■ **DATA EXCERPT**
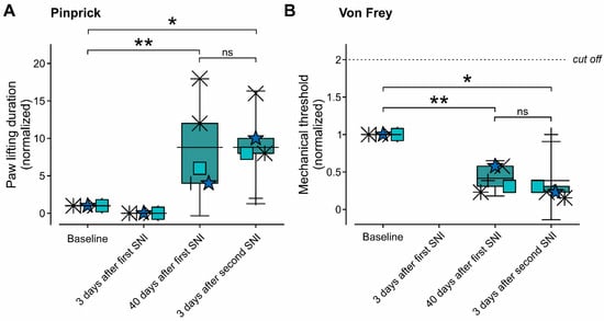 Reinnervation does not originate from lacerated tibial and peroneal nerves but is resulted from sprouting from the axons innervating neighboring areas. (A,B) Box plots and paired individual values of normalized paw lifting latencies, measured using calibrated pinprick (A) and mechanical threshold, measured using VF (B) before SNI surgery (baseline); three and 40 days after the first SNI and three days after repeated SNI. Note no values for the mechanical threshold 3 days after SNI (B) as all animals did not respond to the cut off value of the VF. Note no significant difference between the values of the mechanical threshold and paw lifting duration measured 40 days after SNI and three days after the second SNI. The baseline value represents the mean values of three tests performed at three consecutive days before SNI or sham surgery. All of the values were normalized to the baseline value. ** p < 0.01; * p < 0.05; ns—not significant, RM one-way ANOVA. Box plots presented in the figures depict mean; 25th; 75th percentile and SD.
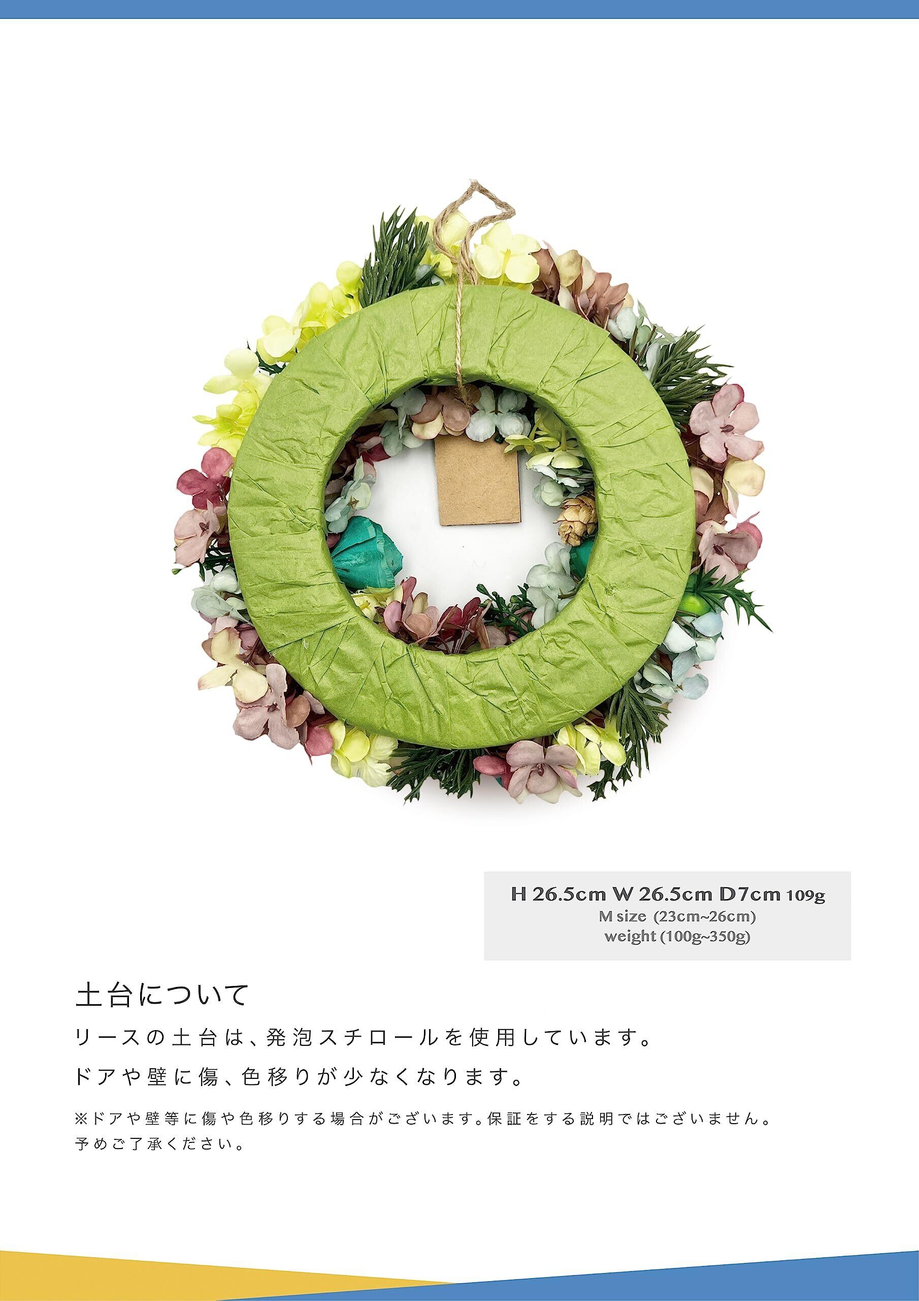 空間の彩りに - - - リースはお家やお部屋のアクセントとして彩りを加えてくれます。 スタンドを使うことによって飾れる場所も増え、下駄箱・テーブル・棚などにも立て掛けて飾れます。お部屋のテーマやコンセプト・インテリアに合わせて飾ったり、あえて調和させずに差し色として飾るのも良いかもしれません。 キレイや可愛いはプラスαの力を与えてくるもの、空間に彩りを加えてみて下さい。
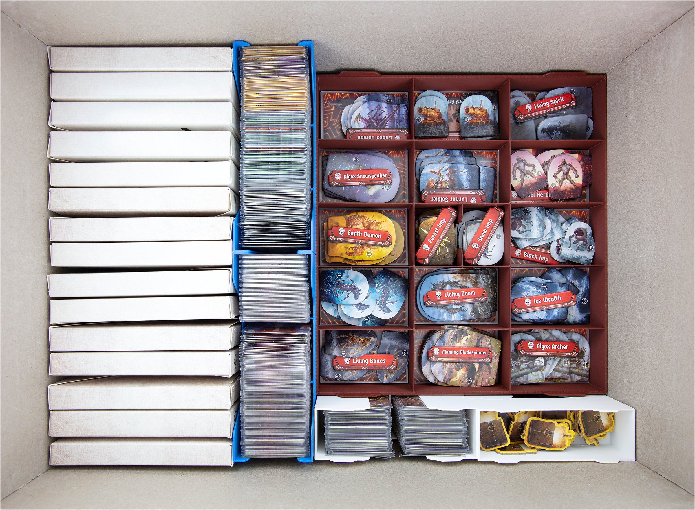 - The Organizer trays are not designed for the contents of the Large Tuck Boxes. Store contents in their original boxes and place them alongside the plastic inserts (see proposal sheet). Due to limited space, cards only fit unsleeved in Tuck Boxes.
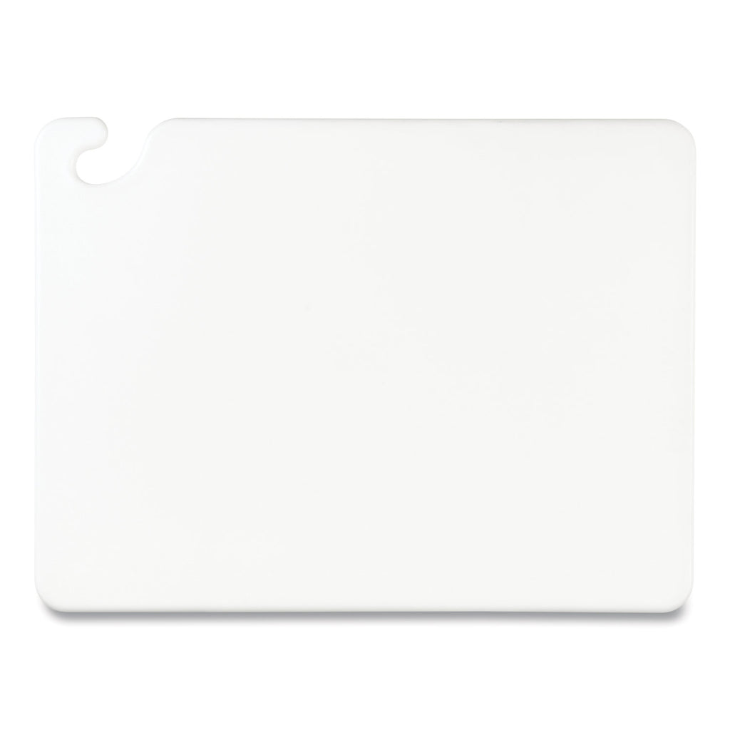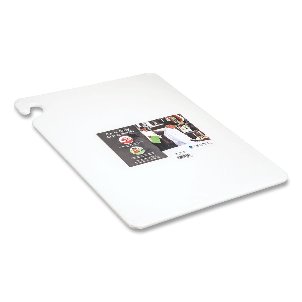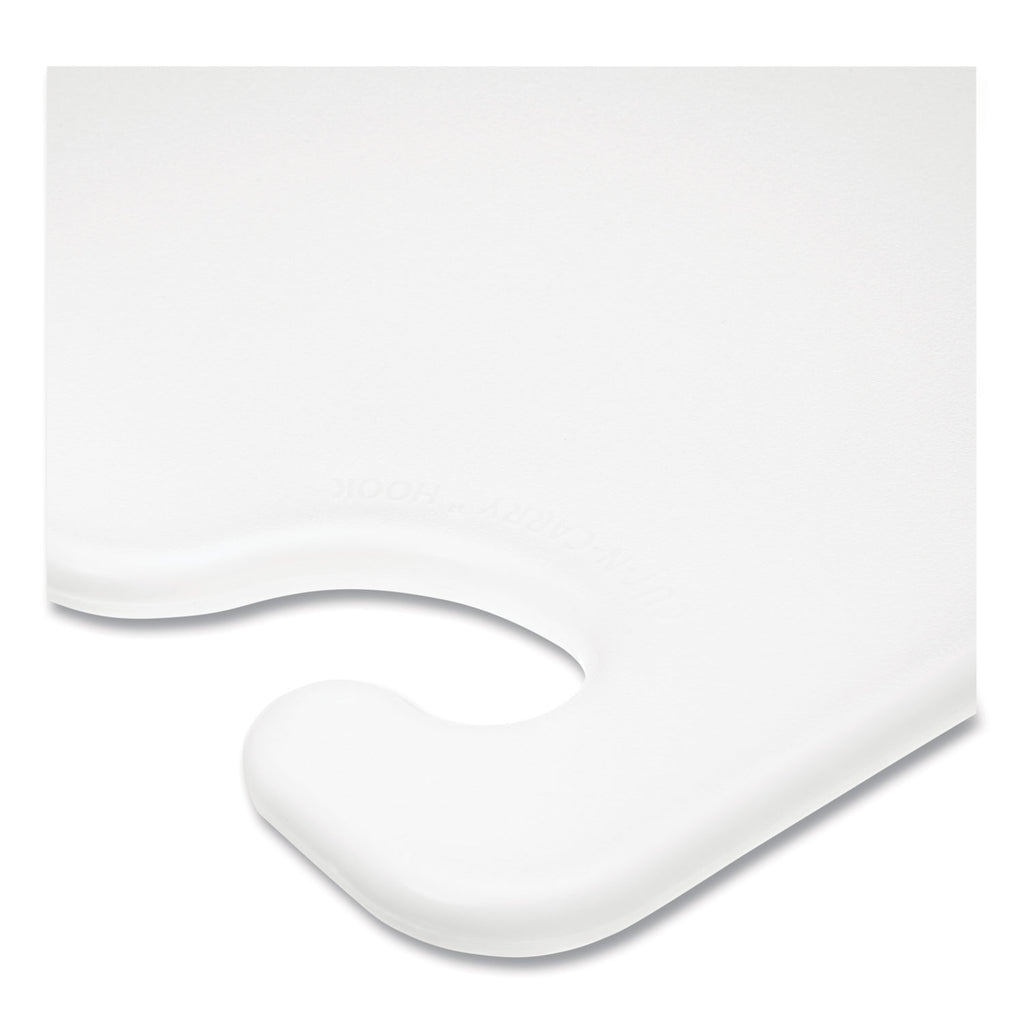 Safety Hook design enables you to carry the board without touching the surface, eliminating the potential for cross contamination. Resin-blend material protects against cut grooves without dulling kitchen knives. May be hung for drying and storage.

■ **PROBLEM TO SOLVE**
Only the lines from the start of the material through the line containing "空間の彩りに - - - リースはお家やお部屋のアクセントとして彩りを加えてくれます。" should be transcribed. Pictures stay out.

■ **SOLUTION TO THIS TASK**
 Reinnervation does not originate from lacerated tibial and peroneal nerves but is resulted from sprouting from the axons innervating neighboring areas. (A,B) Box plots and paired individual values of normalized paw lifting latencies, measured using calibrated pinprick (A) and mechanical threshold, measured using VF (B) before SNI surgery (baseline); three and 40 days after the first SNI and three days after repeated SNI. Note no values for the mechanical threshold 3 days after SNI (B) as all animals did not respond to the cut off value of the VF. Note no significant difference between the values of the mechanical threshold and paw lifting duration measured 40 days after SNI and three days after the second SNI. The baseline value represents the mean values of three tests performed at three consecutive days before SNI or sham surgery. All of the values were normalized to the baseline value. ** p < 0.01; * p < 0.05; ns—not significant, RM one-way ANOVA. Box plots presented in the figures depict mean; 25th; 75th percentile and SD.
 空間の彩りに - - - リースはお家やお部屋のアクセントとして彩りを加えてくれます。 スタンドを使うことによって飾れる場所も増え、下駄箱・テーブル・棚などにも立て掛けて飾れます。お部屋のテーマやコンセプト・インテリアに合わせて飾ったり、あえて調和させずに差し色として飾るのも良いかもしれません。 キレイや可愛いはプラスαの力を与えてくるもの、空間に彩りを加えてみて下さい。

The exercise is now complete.